Just about 24 hours ago we began our first Ayahuasca ceremony. We did not complete until around noon today. The ceremony itself consists of coming together as a group. There were 12 of us including the shaman and two helpers. Sort of standard fare with each person introducing home/herself and then stating the intention they had for the ceremony. RapĂ© was administered then we prayed and had a under meditation. One by one then, we were called up to drink the Ayahuasca. We settled onto our mats, listened to the music that was provided, closed our eyes and let “Mama Ayahuasca” get to know us, show us visions and help us to move toward achieving the intentions that we had set out. It’s a long night.
People struggled to overcome their own resistance to the changes they were attempting to achieve. My personal intentions involved dealing with fear and vulnerability and connecting with my roots. As the visions came on I felt a lot of fear. I tried to understand why I felt so torn between the healing I was being offered and old ways of believing. I know that God is a loving Creator and mother as well as fathers to us all but I struggled with fear of the unknown and prejudices I have had ingrained in me since childhood.
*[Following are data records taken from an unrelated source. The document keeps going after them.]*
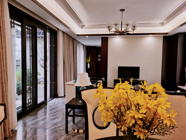 客房内的设施也是很完善的,房间的风格也是中式,呼应了民宿的整体风格。房间内的落地窗是一个推拉门,通过推拉门就可以进入民宿的私人花园。
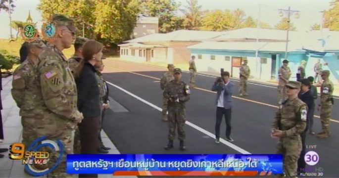 นางซาแมนธา พาวเวอร์ ทูตสหรัฐประจำสหประชาชาติ เดินทางไปเยี่ยมหมู่บ้านปันมุนจอม ในเขตหยุดยิงระหว่างเกาหลีเหนือ
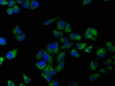 Immunofluorescence staining of Hela cells with CSB-PA001621LA01HU at 1:133, counter-stained with DAPI. The cells were fixed in 4% formaldehyde, permeabilized using 0.2% Triton X-100 and blocked in 10% normal Goat Serum. The cells were then incubated with the antibody overnight at 4°C. The secondary antibody was Alexa Fluor 488-congugated AffiniPure Goat Anti-Rabbit IgG(H+L).
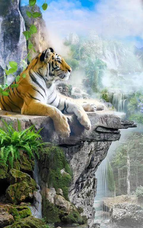 Бесшовные обои на стену: Тигр на скале. Артикул: 13-051
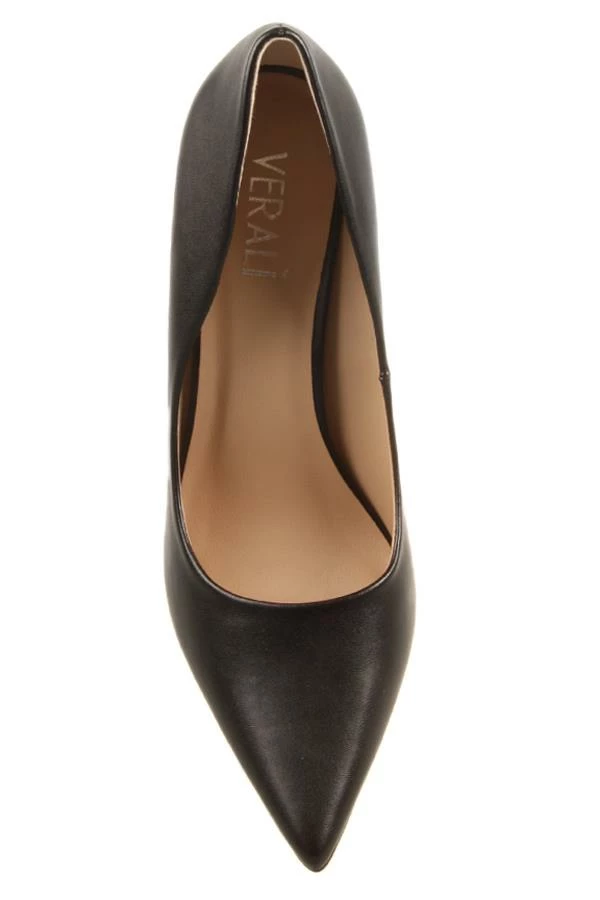 Harold by Verali is a pointed toe pump featuring a smooth upper and high stiletto heel.
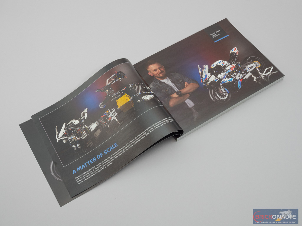 La notice compte 384 pages pour 700 étapes de construction. Elle commence par quelques pages montrant des photos du modèle réel en regard de son alter-ego LEGO, et des éléments relatifs à la genèse du modèle. C’est le français Samuel Tacchi qui est ici aux commandes. Issu d’une école de design de Valenciennes, il a pendant un temps dessiné de véritables motos avant de devenir designer LEGO. On comprend pourquoi il a été choisi pour mener ce projet !
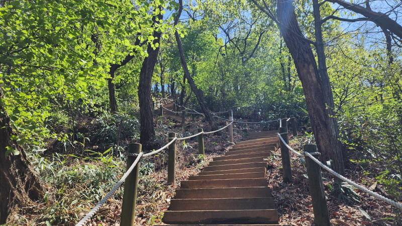 - 정상까지 가파른 나무 계단들...(높지는 않으나...)
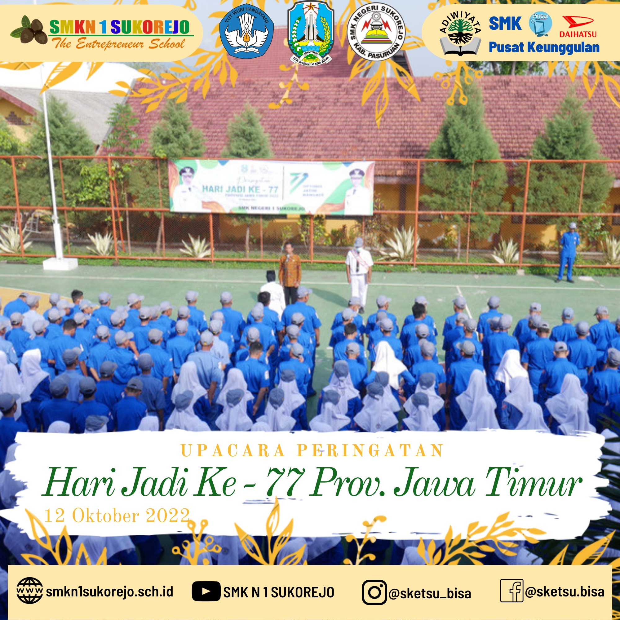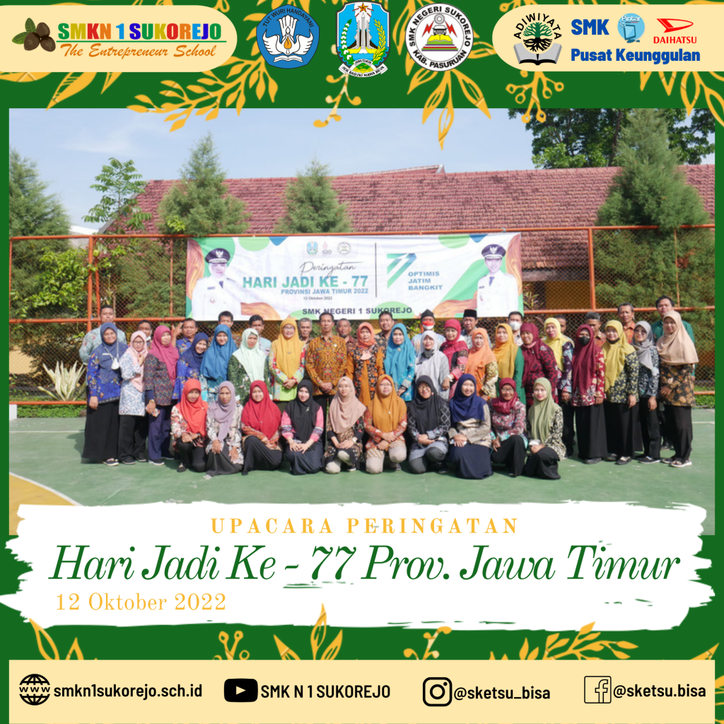 Tepat hari ini Provinsi Jawa Timur memperingati hari jadinya yang ke – 77. SMK Negeri 1 Sukorejo sebagai salah satu sekolah yang berdiri di Provinsi Jawa Timur turut merayakannya dengan melaksanakan Upacara Bendera.

Eventually I settled into an internal dialogue that helped me to better understand the dynamics of my root relationships and to experience compassion and new understanding for my parents, children and others whom I have loved intimately. I was able to see where I had hurt others in ways I had not realized and look for ways to make amends. Leroy faced extreme challenges to his spirituality and found ways to deal with them effectively. Dan seems to have had the most fun connecting with his inner six year old.
We were all emotionally and physically wiped out by the long night and hard spiritual work. We had breakfast together, debriefed the ceremony, heard the wisdom of those who have gone through this before us, cleaned the house up and wended our way home to take a well deserved rest. Tomorrow night we do it again with fresh intentions and high hopes for an improved life.